EXERCISE INPUT:

::::::::

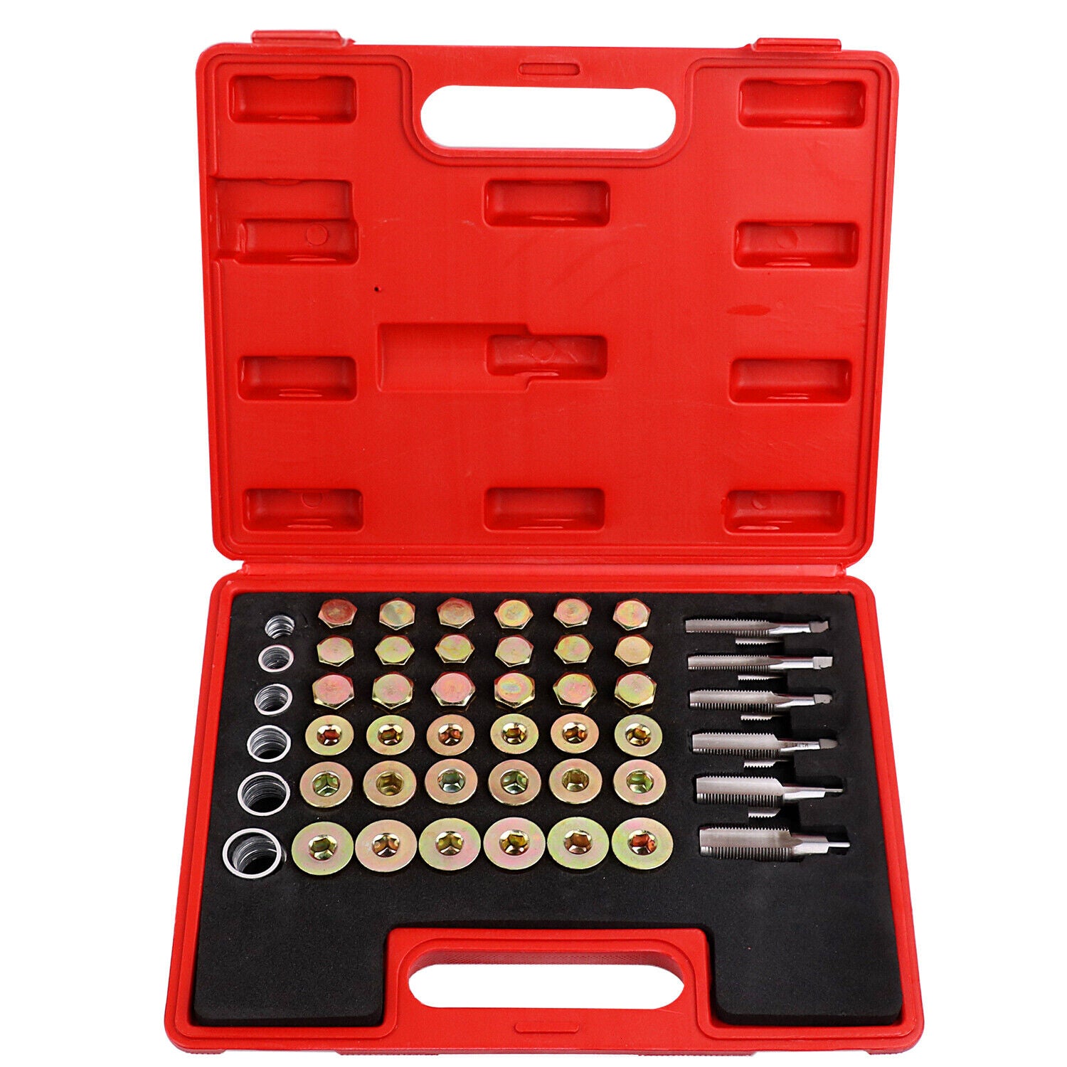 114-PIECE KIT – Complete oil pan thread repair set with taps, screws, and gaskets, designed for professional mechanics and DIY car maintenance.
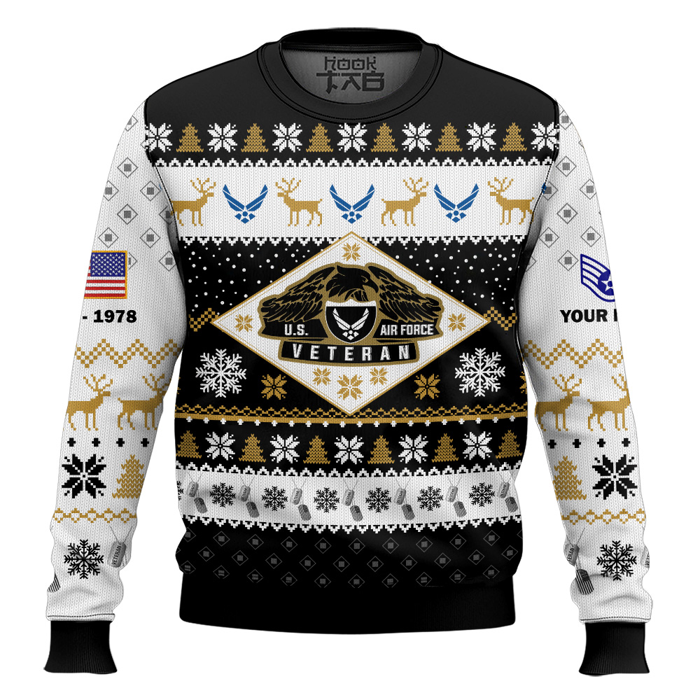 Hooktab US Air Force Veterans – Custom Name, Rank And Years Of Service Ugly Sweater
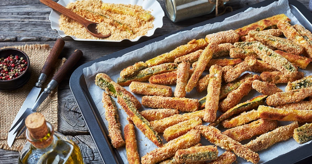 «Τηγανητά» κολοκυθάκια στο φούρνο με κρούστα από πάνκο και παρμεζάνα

::::::::

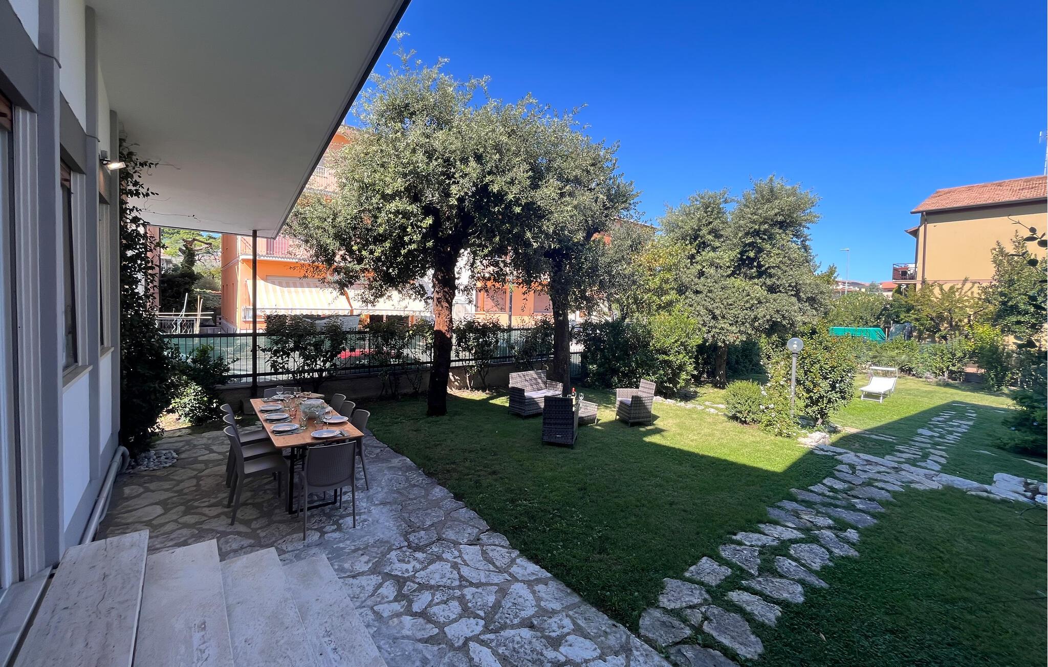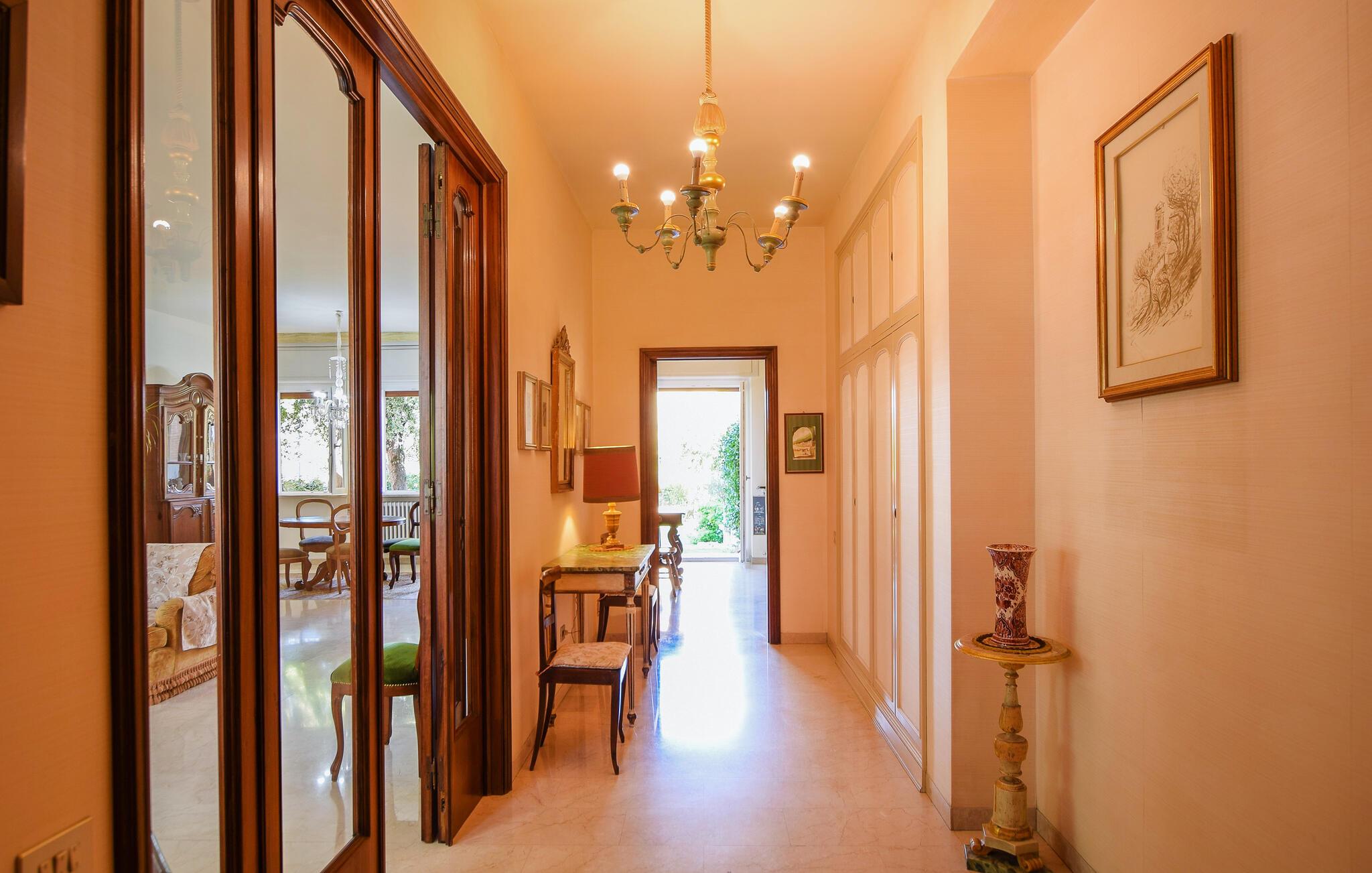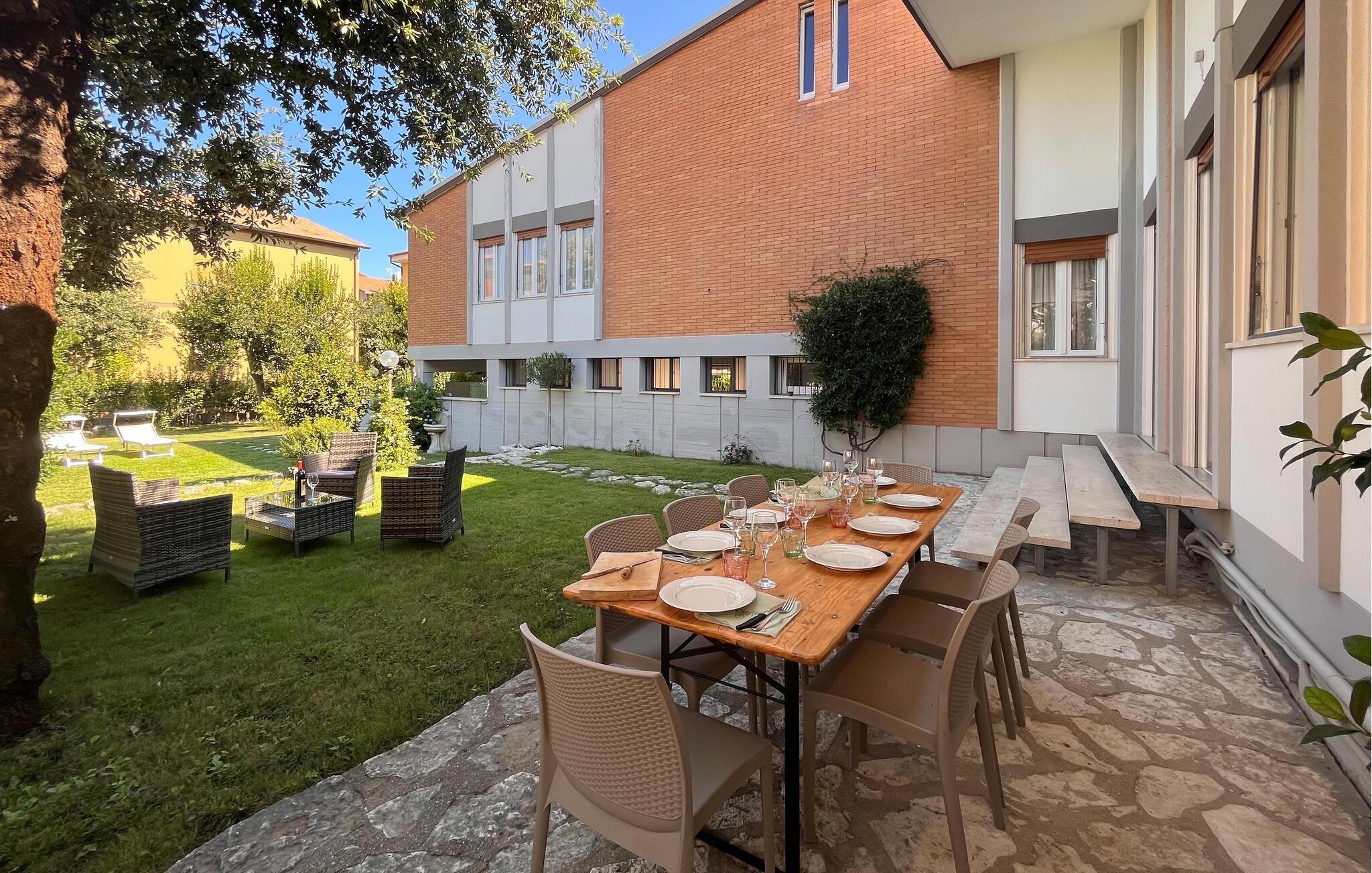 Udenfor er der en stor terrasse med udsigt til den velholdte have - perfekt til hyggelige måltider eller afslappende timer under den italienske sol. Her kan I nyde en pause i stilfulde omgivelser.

::::::::

TASK STATEMENT: Given the records above, return the lines starting at the one that holds "114-PIECE KIT –" and ending at the one that holds "πάνκο και παρμεζάνα", exactly, and nothing besides; leave every picture out.

TASK RESULT:
 114-PIECE KIT – Complete oil pan thread repair set with taps, screws, and gaskets, designed for professional mechanics and DIY car maintenance.
 Hooktab US Air Force Veterans – Custom Name, Rank And Years Of Service Ugly Sweater
 «Τηγανητά» κολοκυθάκια στο φούρνο με κρούστα από πάνκο και παρμεζάνα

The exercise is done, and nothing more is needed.